Все было, как всегда. Все было в совершенном порядке. Прогулка!.. Старик нагуливал аппетит, а ему, Отто, кажется, предстояло из-за этого вымокнуть. Совершенно очевидно: через несколько минут будет дождь. Уж очень низко нависли тучи. Кажется, этот серый свод прогнулся, как парусина палатки под тяжестью скопившейся в ней воды, и вот-вот разорвется. И польет, польет...
В прежнее время, даже вчера еще, Отто, не стесняясь, указал бы генералу на угрозу дождя. Разве это не было обязанностью адъютанта? Так почему же он не говорил об этом сегодня? Почему сегодня каждая фраза старика, каждый взгляд заставляли его вздрагивать?
Отто поймал себя на том, что, вероятно, впервые за четыре года своего адъютантства шел за генералом именно так, как предписывает устав: шаг сзади, полшага влево. Уж не боялся ли он попасться старику на глаза? Нет, генерал и не думал на него смотреть. Он уставился в землю, предпочитая видеть желтый песок аллеи и попеременно появляющиеся перед глазами носки собственных сапог. Идя так, не нужно было отвечать на приветствия встречных.

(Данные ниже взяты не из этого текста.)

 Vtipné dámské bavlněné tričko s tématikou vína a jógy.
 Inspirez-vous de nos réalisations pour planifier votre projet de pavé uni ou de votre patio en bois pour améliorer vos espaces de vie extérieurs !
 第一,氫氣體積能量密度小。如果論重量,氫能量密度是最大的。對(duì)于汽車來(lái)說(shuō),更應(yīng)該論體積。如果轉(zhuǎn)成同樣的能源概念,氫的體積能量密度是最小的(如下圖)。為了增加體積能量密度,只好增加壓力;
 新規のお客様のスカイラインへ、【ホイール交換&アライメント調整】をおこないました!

Это называлось у Гаусса "побыть в одиночестве". Достаточно было не смотреть по сторонам. Ноги сами повернут налево, вон там, у памятника Фридриху-Вильгельму. Короткий почтительный взгляд на бронзового короля. От него двести семьдесят шесть шагов до статуи королевы Луизы. Затем - к старому Фрицу. Здесь голова генерала впервые повернется: дружеская усмешка, кивок королю. Точно оба знали секрет, которого не хотели выдавать. Кажется, король-капрал даже пристукивал бронзовой тростью: смотри не проговорись!
Но вот и Фридрих остался влево. На повороте генерал оглянулся, чтобы еще раз посмотреть на него. Теперь - вдоль последнего ряда деревьев. Сквозь них чернел асфальт Тиргартенштрассе. Тут нужно было поднять глаза: на улице шумел поток автомобилей. Полицейские уже обменялись коротким, отрывистым свистком. Тот, что торчал посреди асфальта, поднял руку, но все же за рулями сидели неизвестные штатские. Нужно было глядеть в оба.

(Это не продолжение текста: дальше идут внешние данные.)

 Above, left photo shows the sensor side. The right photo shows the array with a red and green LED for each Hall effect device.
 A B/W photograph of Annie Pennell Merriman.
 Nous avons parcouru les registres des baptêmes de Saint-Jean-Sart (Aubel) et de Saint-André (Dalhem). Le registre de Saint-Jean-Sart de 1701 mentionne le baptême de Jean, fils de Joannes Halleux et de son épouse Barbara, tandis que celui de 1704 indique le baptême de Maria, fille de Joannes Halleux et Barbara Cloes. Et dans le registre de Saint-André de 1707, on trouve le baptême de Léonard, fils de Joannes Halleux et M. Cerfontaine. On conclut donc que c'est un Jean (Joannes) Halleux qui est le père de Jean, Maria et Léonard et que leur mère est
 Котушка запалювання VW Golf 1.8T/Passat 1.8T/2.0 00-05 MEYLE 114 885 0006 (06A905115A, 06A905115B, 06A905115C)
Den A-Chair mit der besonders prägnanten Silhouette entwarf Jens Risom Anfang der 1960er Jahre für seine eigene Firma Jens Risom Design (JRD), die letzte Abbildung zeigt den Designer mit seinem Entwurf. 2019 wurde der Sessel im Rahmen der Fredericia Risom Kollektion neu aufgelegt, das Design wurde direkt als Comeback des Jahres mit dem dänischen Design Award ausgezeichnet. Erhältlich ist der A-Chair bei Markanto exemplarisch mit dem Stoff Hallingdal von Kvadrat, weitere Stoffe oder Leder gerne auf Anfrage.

Одиночество кончилось. Голова генерала была поднята. Он смотрел перед собою поверх прохожих, поверх автомобилей. Для немцев, сидящих в машинах, этот старик был армией. Отто шагал за ним также с поднятой головой. Вот бы ввести правило: гражданские лица приветствуют господ офицеров снятием головного убора...
Скотина, а не шуцман! Опустил руку, как только генерал ступил на тротуар, и поток автомобилей ринулся вдоль улицы.

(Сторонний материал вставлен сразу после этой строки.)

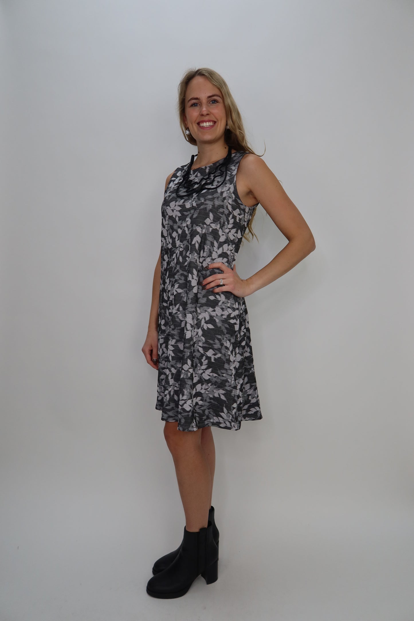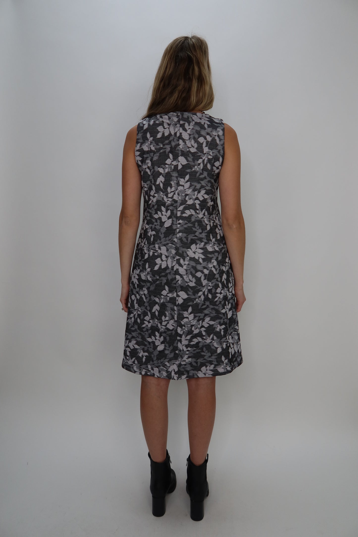 This charcoal and gray patterned dress combines style with substance. The sleeveless design keeps things breezy while the heavy-duty fabric provides reliable support and structure throughout the day. A playful pattern adds personality, while the knee-length cut and high neckline offer a polished, put-together look that works for any occasion. Comfortable, durable, and undeniably fun—this dress does it all.

Вот и церковь святого Матфея. Кривая Маргаретенштрассе. Почему, собственно говоря, генерал предпочитал старый неуютный дом казенной квартире? Или он не был уверен в прочности своего положения? Может быть, он чуял что-нибудь старческим носом? Ерунда! Разве он не был одним из тех, кому армия обязана примирением с наци?..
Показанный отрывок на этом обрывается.